Detecting and mapping stress patterns across space and time: Multimodal modeling of individuals in real-world physical and social work environments

Principal Investigator: Shawn Roll
Co-Principal Investigator: Burcin Becerik-Gerber (USC Sonny Astani Department of Civil & Environmental Engineering)
Co-Principal Investigator: Gale Lucas (USC Institute for Creative Technologies)
Co-Principal Investigator: Shrikanth Narayanan (USC Electrical & Computer Engineering, Computer Science)

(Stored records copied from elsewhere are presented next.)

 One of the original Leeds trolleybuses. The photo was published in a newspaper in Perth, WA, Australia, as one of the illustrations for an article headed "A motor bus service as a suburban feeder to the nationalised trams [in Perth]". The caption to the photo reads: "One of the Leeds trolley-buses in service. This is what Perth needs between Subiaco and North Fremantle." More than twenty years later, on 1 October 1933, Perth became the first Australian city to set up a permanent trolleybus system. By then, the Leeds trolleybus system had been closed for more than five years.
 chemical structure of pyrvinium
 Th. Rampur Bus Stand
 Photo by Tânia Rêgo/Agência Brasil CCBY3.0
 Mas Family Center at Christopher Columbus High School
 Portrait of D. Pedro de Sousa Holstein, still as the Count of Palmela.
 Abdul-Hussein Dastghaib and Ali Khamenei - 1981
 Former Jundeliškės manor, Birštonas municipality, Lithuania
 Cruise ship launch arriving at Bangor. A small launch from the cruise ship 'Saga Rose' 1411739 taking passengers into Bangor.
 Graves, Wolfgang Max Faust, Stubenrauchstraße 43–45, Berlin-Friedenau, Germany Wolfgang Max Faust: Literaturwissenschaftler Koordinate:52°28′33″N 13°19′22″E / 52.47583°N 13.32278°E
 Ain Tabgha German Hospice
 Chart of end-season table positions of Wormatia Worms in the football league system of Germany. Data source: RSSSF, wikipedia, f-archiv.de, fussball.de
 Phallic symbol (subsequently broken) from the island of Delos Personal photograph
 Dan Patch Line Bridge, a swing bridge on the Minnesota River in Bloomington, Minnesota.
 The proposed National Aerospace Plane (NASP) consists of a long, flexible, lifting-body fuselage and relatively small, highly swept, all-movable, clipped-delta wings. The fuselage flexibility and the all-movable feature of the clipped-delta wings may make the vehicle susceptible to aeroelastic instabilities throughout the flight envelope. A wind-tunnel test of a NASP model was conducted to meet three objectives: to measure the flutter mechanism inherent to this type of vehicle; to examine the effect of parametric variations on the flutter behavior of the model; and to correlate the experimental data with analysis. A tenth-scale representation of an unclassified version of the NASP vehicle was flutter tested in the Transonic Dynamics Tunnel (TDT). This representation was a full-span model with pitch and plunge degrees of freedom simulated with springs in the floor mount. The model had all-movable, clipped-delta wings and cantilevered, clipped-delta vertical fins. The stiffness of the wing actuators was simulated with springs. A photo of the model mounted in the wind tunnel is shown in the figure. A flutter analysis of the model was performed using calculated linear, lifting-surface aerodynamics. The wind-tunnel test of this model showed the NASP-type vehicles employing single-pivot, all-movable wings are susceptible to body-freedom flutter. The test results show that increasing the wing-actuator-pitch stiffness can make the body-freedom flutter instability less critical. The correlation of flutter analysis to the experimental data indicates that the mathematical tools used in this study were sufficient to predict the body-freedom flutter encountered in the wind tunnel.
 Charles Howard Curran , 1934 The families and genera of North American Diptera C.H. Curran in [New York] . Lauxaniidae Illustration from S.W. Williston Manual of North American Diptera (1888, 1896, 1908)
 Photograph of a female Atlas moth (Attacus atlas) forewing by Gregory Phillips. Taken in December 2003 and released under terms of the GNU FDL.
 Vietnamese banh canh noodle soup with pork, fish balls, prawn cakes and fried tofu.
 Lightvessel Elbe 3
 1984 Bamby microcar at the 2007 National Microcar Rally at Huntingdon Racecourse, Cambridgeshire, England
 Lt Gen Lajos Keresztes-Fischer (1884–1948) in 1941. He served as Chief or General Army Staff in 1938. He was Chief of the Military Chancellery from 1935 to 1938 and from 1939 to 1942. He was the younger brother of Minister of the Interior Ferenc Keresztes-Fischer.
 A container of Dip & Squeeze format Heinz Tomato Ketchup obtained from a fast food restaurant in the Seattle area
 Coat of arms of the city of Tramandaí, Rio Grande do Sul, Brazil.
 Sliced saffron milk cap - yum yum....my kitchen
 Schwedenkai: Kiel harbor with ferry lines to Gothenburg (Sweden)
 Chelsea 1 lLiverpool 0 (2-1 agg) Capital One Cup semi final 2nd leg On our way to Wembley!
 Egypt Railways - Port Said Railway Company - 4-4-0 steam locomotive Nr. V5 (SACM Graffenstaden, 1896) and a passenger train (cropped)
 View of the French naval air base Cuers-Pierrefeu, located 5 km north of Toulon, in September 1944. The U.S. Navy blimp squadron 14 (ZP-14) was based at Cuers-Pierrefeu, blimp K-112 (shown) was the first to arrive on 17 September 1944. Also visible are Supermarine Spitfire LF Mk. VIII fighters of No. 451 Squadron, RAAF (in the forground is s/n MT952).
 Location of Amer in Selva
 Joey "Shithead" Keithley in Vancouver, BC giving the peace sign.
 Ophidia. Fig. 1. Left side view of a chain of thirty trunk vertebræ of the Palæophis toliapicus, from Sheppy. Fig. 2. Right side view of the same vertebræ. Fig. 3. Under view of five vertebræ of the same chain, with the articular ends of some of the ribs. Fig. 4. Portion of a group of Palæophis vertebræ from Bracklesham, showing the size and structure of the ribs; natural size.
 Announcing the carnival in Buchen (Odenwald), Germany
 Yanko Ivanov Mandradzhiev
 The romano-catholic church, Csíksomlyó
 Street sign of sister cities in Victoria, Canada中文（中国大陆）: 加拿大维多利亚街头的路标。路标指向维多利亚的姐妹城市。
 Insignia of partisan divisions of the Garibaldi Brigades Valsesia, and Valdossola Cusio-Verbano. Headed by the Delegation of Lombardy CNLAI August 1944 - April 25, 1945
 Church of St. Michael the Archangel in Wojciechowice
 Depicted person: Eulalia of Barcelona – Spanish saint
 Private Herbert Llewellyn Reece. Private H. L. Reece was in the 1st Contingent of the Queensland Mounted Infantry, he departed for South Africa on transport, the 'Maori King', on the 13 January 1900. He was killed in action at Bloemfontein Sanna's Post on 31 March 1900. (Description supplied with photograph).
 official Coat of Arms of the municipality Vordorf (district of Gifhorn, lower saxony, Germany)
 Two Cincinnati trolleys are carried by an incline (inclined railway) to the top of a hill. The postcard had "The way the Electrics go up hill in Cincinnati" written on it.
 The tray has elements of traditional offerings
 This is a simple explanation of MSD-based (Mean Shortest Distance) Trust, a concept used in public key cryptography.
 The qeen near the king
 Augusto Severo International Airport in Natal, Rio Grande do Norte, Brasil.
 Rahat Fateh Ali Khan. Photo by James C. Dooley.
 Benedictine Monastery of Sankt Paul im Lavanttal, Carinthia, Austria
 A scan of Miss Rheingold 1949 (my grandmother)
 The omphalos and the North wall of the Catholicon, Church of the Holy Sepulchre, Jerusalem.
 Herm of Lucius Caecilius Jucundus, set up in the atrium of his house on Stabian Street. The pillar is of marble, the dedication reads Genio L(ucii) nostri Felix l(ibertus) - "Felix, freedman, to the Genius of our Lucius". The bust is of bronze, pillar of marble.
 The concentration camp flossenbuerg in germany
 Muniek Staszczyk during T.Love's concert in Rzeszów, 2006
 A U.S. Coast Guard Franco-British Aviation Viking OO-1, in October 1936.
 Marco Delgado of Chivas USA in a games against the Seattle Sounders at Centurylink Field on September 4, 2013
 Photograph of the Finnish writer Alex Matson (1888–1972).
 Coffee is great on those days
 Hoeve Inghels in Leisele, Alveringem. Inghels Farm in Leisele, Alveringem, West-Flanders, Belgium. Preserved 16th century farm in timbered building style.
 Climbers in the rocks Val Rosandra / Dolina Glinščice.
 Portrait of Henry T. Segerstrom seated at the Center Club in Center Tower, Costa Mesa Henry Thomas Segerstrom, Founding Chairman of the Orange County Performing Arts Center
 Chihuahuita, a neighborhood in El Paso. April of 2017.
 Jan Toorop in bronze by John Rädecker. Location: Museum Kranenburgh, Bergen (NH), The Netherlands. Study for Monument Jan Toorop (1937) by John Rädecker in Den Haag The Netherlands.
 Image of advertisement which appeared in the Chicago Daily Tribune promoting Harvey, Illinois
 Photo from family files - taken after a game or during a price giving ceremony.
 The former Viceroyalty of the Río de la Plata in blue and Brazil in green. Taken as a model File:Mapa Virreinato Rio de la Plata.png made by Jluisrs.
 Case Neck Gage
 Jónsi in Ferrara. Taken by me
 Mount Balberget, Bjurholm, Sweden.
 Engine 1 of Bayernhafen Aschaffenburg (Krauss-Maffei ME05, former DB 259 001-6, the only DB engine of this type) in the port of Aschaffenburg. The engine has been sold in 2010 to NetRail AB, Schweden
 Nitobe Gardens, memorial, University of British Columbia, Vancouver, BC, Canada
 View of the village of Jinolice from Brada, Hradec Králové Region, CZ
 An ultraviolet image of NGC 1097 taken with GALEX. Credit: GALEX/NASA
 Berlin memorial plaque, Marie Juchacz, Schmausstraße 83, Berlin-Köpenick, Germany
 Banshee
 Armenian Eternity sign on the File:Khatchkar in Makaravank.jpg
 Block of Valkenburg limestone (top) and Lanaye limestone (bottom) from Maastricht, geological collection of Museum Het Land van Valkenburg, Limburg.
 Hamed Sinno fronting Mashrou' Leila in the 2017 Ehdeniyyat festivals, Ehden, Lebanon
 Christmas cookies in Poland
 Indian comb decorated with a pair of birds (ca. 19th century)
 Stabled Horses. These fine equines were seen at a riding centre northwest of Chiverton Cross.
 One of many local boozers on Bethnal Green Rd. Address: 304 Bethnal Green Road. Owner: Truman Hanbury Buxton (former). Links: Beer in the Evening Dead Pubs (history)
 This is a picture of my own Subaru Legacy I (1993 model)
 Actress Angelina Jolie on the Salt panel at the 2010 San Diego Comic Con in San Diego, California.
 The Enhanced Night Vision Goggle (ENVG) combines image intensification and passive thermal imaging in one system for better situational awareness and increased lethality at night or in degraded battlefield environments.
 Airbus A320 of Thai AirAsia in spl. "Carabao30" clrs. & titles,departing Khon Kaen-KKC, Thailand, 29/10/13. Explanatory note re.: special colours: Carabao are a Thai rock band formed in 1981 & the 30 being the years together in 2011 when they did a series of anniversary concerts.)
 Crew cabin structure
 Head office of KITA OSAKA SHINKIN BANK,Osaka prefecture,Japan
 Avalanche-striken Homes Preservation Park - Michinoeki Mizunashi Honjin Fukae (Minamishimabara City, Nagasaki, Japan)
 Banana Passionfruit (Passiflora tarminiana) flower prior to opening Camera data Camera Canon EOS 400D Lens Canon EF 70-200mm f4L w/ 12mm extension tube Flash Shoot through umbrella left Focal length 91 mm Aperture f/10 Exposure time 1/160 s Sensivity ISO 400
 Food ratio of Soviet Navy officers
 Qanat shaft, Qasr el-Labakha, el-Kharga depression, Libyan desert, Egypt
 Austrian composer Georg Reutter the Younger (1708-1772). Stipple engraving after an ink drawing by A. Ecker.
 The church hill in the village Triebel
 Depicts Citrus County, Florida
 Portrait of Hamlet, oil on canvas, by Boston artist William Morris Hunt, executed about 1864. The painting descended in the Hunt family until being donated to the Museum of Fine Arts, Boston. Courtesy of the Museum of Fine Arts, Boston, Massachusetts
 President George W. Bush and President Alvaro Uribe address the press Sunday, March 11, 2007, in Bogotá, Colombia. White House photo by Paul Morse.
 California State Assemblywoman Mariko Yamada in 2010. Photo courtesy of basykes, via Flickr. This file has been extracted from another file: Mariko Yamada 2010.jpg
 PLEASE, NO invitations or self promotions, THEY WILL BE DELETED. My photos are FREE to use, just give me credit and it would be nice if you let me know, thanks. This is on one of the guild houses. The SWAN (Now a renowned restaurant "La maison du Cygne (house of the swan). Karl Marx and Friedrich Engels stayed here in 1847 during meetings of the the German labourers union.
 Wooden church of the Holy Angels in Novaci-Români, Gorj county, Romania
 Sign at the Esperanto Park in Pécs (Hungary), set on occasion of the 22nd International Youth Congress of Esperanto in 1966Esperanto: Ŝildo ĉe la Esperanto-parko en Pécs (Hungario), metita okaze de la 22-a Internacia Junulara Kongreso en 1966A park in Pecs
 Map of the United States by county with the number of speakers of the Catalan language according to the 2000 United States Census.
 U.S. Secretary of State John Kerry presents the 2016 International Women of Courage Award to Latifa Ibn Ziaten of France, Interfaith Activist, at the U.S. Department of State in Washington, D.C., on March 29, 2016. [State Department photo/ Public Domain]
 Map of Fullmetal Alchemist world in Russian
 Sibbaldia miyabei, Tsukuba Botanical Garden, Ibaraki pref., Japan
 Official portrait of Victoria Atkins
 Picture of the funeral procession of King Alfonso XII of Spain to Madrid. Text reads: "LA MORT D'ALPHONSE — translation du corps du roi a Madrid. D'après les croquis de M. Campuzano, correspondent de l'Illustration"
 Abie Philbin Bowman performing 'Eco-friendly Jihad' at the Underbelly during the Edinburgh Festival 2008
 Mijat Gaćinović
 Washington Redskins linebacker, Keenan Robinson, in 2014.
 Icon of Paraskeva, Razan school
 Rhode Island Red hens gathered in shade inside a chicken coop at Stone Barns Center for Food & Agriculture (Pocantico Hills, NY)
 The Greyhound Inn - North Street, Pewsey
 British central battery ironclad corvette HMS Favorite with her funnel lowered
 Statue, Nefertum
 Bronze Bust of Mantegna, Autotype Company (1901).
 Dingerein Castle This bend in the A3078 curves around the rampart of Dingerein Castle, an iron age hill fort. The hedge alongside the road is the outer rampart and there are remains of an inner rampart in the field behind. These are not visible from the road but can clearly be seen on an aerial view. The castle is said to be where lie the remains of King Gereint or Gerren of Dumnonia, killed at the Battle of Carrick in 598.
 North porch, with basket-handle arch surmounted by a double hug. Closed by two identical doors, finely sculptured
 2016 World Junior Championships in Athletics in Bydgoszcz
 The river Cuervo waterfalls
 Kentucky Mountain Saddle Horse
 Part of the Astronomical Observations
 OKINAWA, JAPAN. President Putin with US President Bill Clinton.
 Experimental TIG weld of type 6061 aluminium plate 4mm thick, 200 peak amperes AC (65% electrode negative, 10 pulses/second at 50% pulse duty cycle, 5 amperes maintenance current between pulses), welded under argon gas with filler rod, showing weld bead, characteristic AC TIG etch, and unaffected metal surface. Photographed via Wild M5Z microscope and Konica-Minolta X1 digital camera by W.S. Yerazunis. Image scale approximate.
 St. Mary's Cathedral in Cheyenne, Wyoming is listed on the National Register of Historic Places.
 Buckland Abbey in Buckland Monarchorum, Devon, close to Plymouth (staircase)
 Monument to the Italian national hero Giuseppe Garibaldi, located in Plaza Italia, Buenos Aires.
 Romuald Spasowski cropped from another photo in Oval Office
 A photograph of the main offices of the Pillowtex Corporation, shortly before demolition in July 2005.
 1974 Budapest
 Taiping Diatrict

Project Period: September 1, 2022 – August 31, 2026
Funding Source: National Science Foundation; Division of Information and Intelligent Systems; Smart and Connected Health Program
Award Number: IIS-2204942
Anticipated Award: $1,099,995

Stress has been identified as the health epidemic of the 21st century, and office-related work is a significant driver of stress among Americans due to long hours, rapid deadlines, heavy workloads, and job insecurity. Yet, office workers are often entirely unaware of the impact of stress until they notice symptoms of declining physical or mental health or well-being, such as musculoskeletal discomfort, headaches, poor sleep, or lack of motivation. Even more problematic, most individuals do not know how their work activities and the physical and social work environments are related to stress and other health outcomes. While stress is almost always treated as unfavorable, stress can be positive. Opportunities exist to better understand how to promote eustress that is energizing and essential for productivity and minimize distress that leads to negative emotions, disturbed bodily states, strain, and burnout. The project aims to describe individualized experiences of stress and develop multimodal models using a wide range of bio-behavioral, environmental, and activity engagement sensing technologies to inform personalized, automated, or technology-supported intervention approaches to stress management as workers engage in their daily work.